# Going to see a Endo... nervous



## Mel1031 (Jul 25, 2012)

I'm waiting for the referral to go through so I can go see an Endo dr, found one whos willing to do base pay off my income and its not going to be expensive but tests will be, My stomach is still hurting still having chest pains. My dr thinks it might be Gastroparesis. My stomach is slow to empty and she wants me to go see an endo dr before I see a GI dr, to see if my hashimoto's is hiding anything else going on. Someone who knows whats going on, My anti body test is still 1400. I'm just thinking like shouldn't it be going down with my treatments? I go on Halloween to get more blood work shes doing T4 t4 free my t3 and TSH again. I'm just like nervous I'm going to see this new dr and just be stuck, I'm tired of this up and downs.


----------



## Karinp (Jun 14, 2012)

Have you ever been tested for celiac disease?

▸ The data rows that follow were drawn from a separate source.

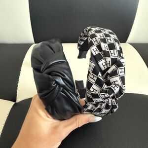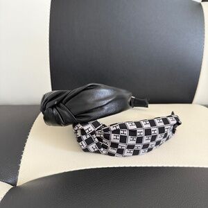 Set of two headbands. One black and beige "H" monogram fabric. The other is a black faux leather. Lightly used. Excellent condition.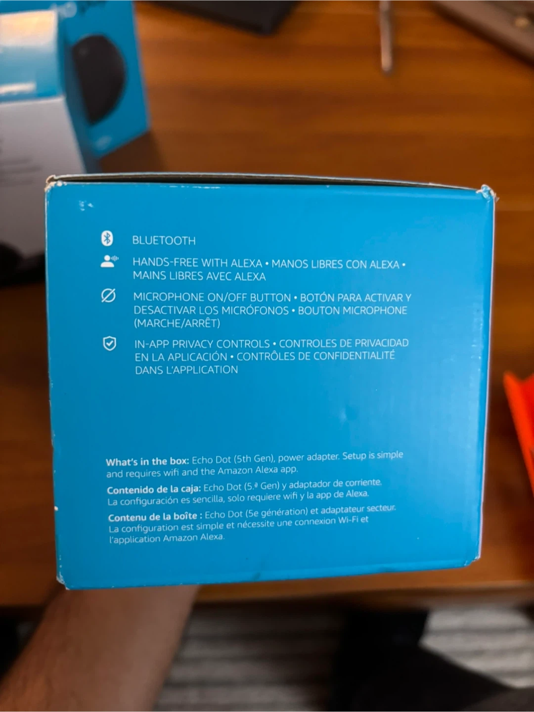 60Selling an Amazon Echo Dot (5th Gen)! It's a handy smart speaker with Alexa. What's in the box: - Echo Dot (5th Gen) - Power adapter Setup is simple and requires wifi and the Amazon Alexa app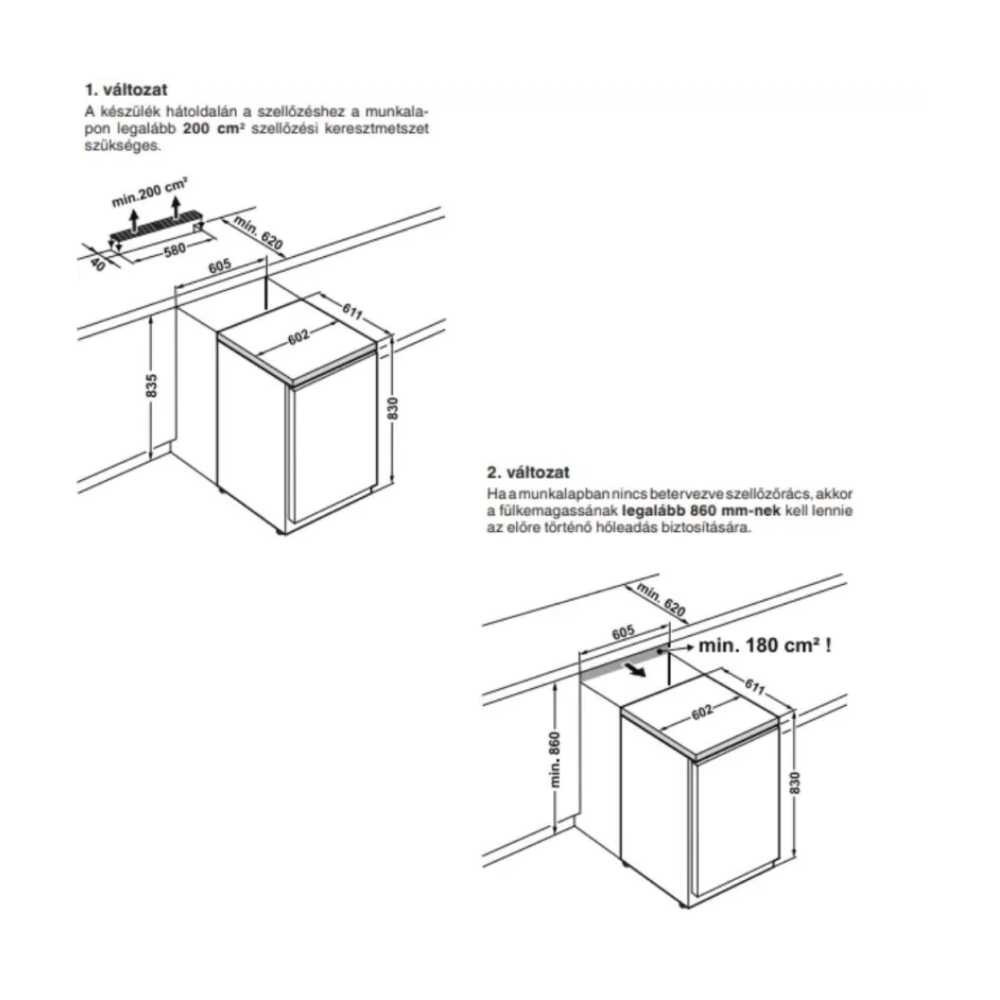 Mélyhűtő szekrény 143 literes térfogattal, pult alá helyezhető, statikus hűtés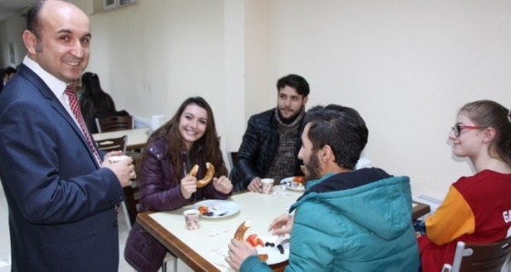 Günün 24 saati açık olan okuma salonunda ders çalışan öğrencilere anons yaptıran Rektör Orbay, yemekhaneye gelen öğrencilere beraberindeki Rektör Yardımcısı Prof. Dr. Kemal Polat ve diğer akademisyenlerle birlikte elleriyle simit, poğaça, kahvaltılık ve çay ikram etti. Kendi öğrencilik döneminde bu tür uygulamaların olmadığını belirten Prof. Dr. Orbay, “Zaman, mekan, ülkemizin imkanları değişiyor. İdarecilerin öğrencilerine yaklaşımları da değişiyor. Dolayısıyla genç arkadaşlarımız üniversitemizin varlık sebebi. Onların problemi bizim problemimiz” dedi.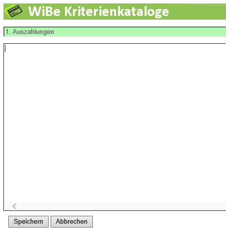 Verzichten Sie bei der Definition der Kriterien darauf, umfangreiche Texte mit Absatzumbrüchen aus anderen Anwendungen über die Zwischenablage einzufügen – aufgrund nicht sichtbarer Formatierungen kommt es je nach Anwendung und Webbrowser später zu unerwünschten Ergebnissen: die WiBe Anwendung prüft die Eingaben und lehnt in solchen Fällen die Speicherung ab.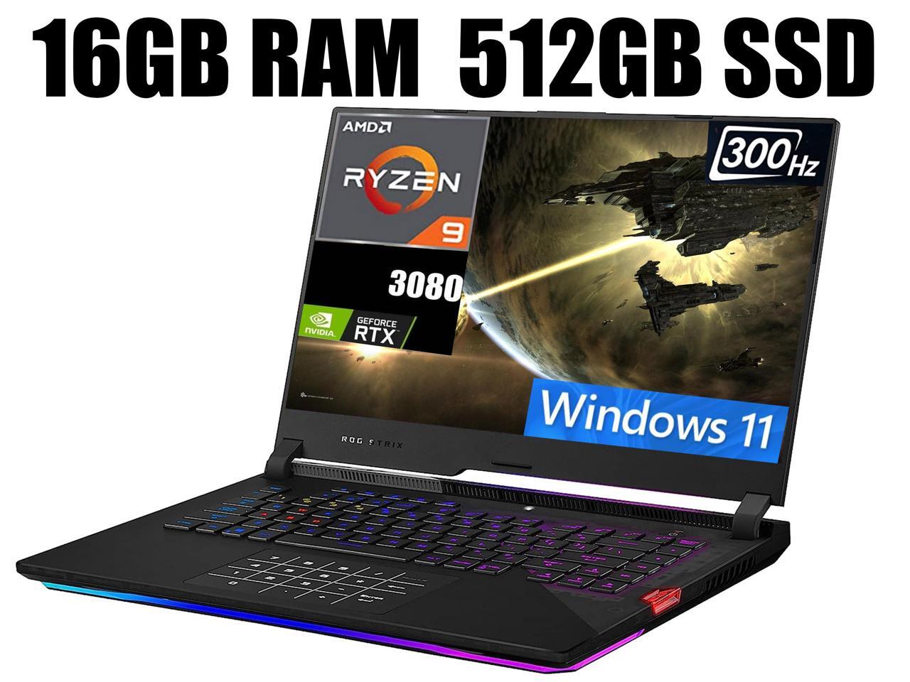 ASUS ROG Strix 15 Gaming Laptop, 15.6" 300Hz FHD Display, AMD Ryzen 9 5900HX 8 cores Processor, NVIDIA GeForce RTX 3080 8GB GDDR6, RGB Keyboard, 16GB DDR4 512GB PCIe SSD, Windows 11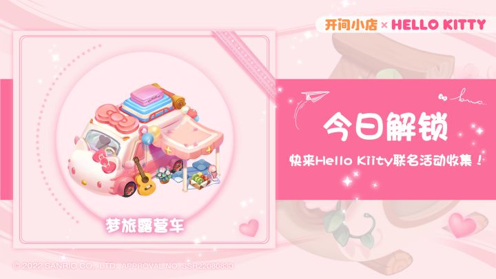 开间小店X Hello Kitty心愿之旅!全新野外露营主题装饰上线!《开间小店》联动三丽鸥家族Hello Kitty,精彩活动上线小店;Hello Kitty心愿之旅,八大活动齐至,萌趣童真•多彩小店,一起进入粉色小店童趣聚会吧! 设计师安妮在首期给店长们代理Hello Kitty主题店铺的装饰后,全新的联动设计家具图也更新上线!全新「野外露营」主题联名家具今日上线!参与Hello Kitt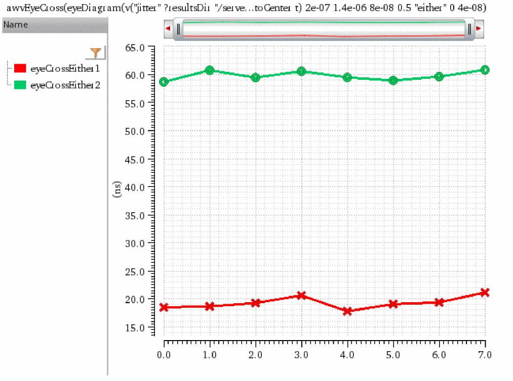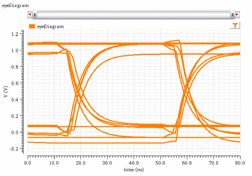 eye=eyeDiagram(jitter 200n 1.4u 2*40n ?autoCenter t)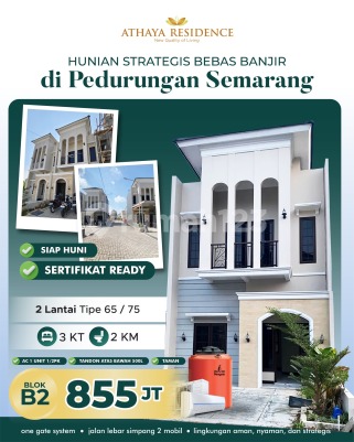 CLUSTER ATHAYA RESIDENCE Cluster Premium Berlokasi di Tengah Kota Semarang Jalan Turangga Timur, Pedurungan. 1 UNIT TERAKHIR ! - Rumah 2 Lantai | Blok B2 - Tipe 67 m² - Luas Tanah 75 m² - 3 Kamar Tidur - 2 Kamar Mandi - Ruang Tamu - Ruang Keluarga - Dapur - Carport Mobil >> Harga 855 Juta √ Sertifikat Ready KEUNGGULAN : - One Gate System - Jalan lebar bisa simpangan 2 mobil - Lokasi Strategis cocok untuk hunian maupun investasi - Lingkungan aman dan nyaman STRATEGIS : - Dekat jalan raya utama pedurungan - 1 menit ke Alfamart - 2 menit ke TK SD SMP Sang Timur - 4 menit ke Pizza Hut pedurungan - 5 menit ke ADA Swalayan Majapahit - 5 menit ke ADA Swalayan Fatmawati - 7 menit ke Hotel Horison Nindya - 7 menit ke Nasmoco Majapahit - 8 menit ke GOR Manunggal jati - 8 menit ke Kolam renang Taman sari Majapahit - 10 menit ke Transmart Majapahit BONUS : - 1 Unit AC 1/2 pk - Tandon atas dan bawah 500 liter - Taman cantik Info Detail dan uang tanda jadi Hubungi :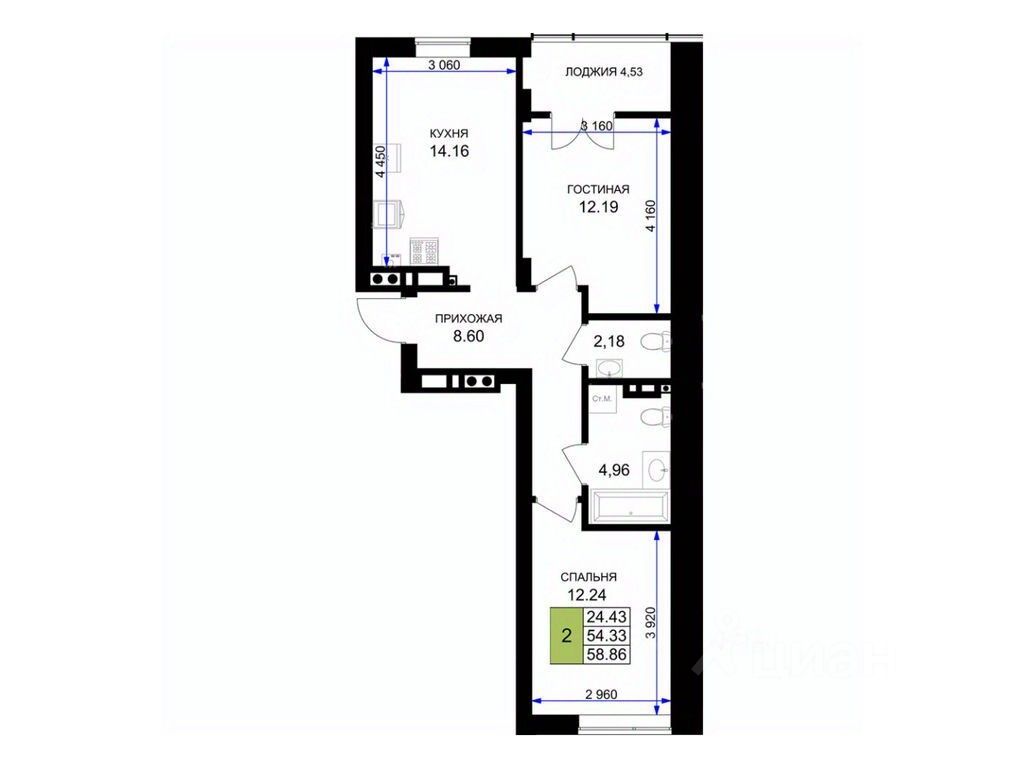 Общая площадь59,5 м²
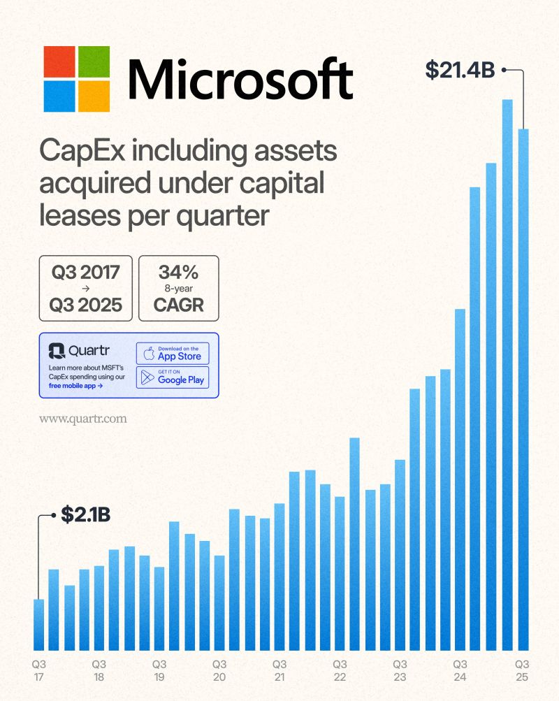 Microsoft $MSFT CapEx increased with 53% y/y in Q3'25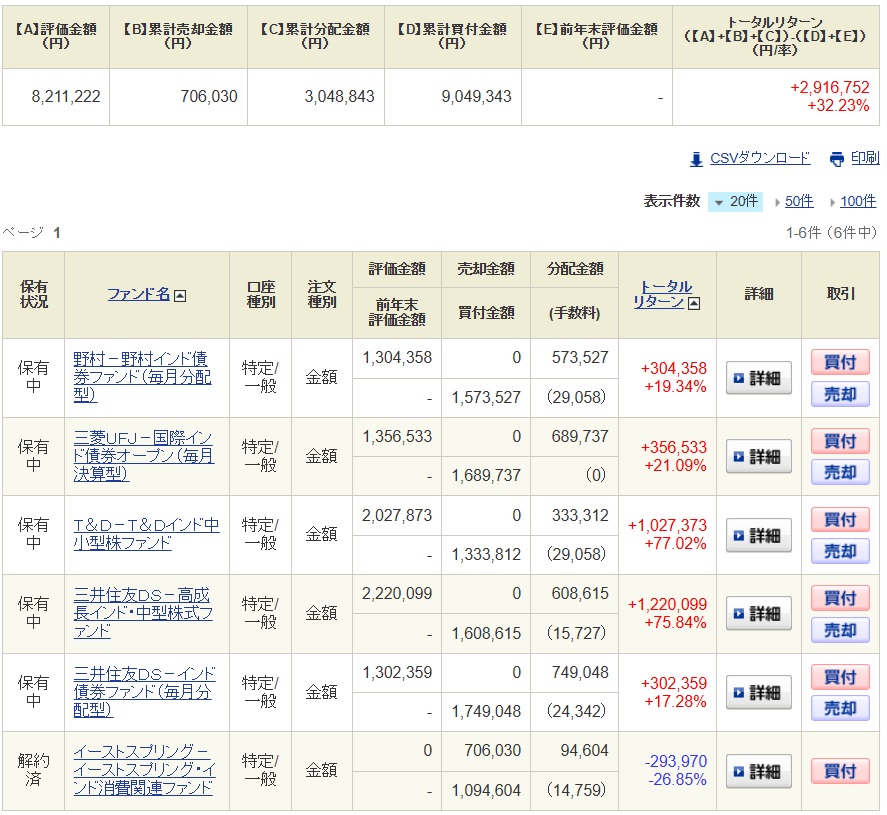 以前紹介したインドの投資信託の中から中小型のファンドを3本と債券型のファンドを3本の計6本を各100万円分購入しております。

People with hashi's have an increased risk of having it and since you're having gastro symptoms, i would request the blood tests. I was having some vague gastro symptoms and it turns out i have celiac disease. Good luck to you!!!


----------



## Octavia (Aug 1, 2011)

That's good news about seeing an endo.

Thyroid issues have been known to slow things down in the gut...could be a connection here!


----------



## Andros (Aug 26, 2009)

Mel1031 said:


> I'm waiting for the referral to go through so I can go see an Endo dr, found one whos willing to do base pay off my income and its not going to be expensive but tests will be, My stomach is still hurting still having chest pains. My dr thinks it might be Gastroparesis. My stomach is slow to empty and she wants me to go see an endo dr before I see a GI dr, to see if my hashimoto's is hiding anything else going on. Someone who knows whats going on, My anti body test is still 1400. I'm just thinking like shouldn't it be going down with my treatments? I go on Halloween to get more blood work shes doing T4 t4 free my t3 and TSH again. I'm just like nervous I'm going to see this new dr and just be stuck, I'm tired of this up and downs.


This is very good news! I will remain hopeful for you. When is your appt.?


----------



## Mel1031 (Jul 25, 2012)

Karinp said:


> Have you ever been tested for celiac disease? People with hashi's have an increased risk of having it and since you're having gastro symptoms, i would request the blood tests. I was having some vague gastro symptoms and it turns out i have celiac disease. Good luck to you!!!


Its what I was first tested for, it was negative... Thank you


----------



## Mel1031 (Jul 25, 2012)

Octavia said:


> That's good news about seeing an endo.
> 
> Thyroid issues have been known to slow things down in the gut...could be a connection here!


Thats what my dr was saying and since shes family practice she wants me to see someone who could help me further...


----------



## Mel1031 (Jul 25, 2012)

Andros said:


> This is very good news! I will remain hopeful for you. When is your appt.?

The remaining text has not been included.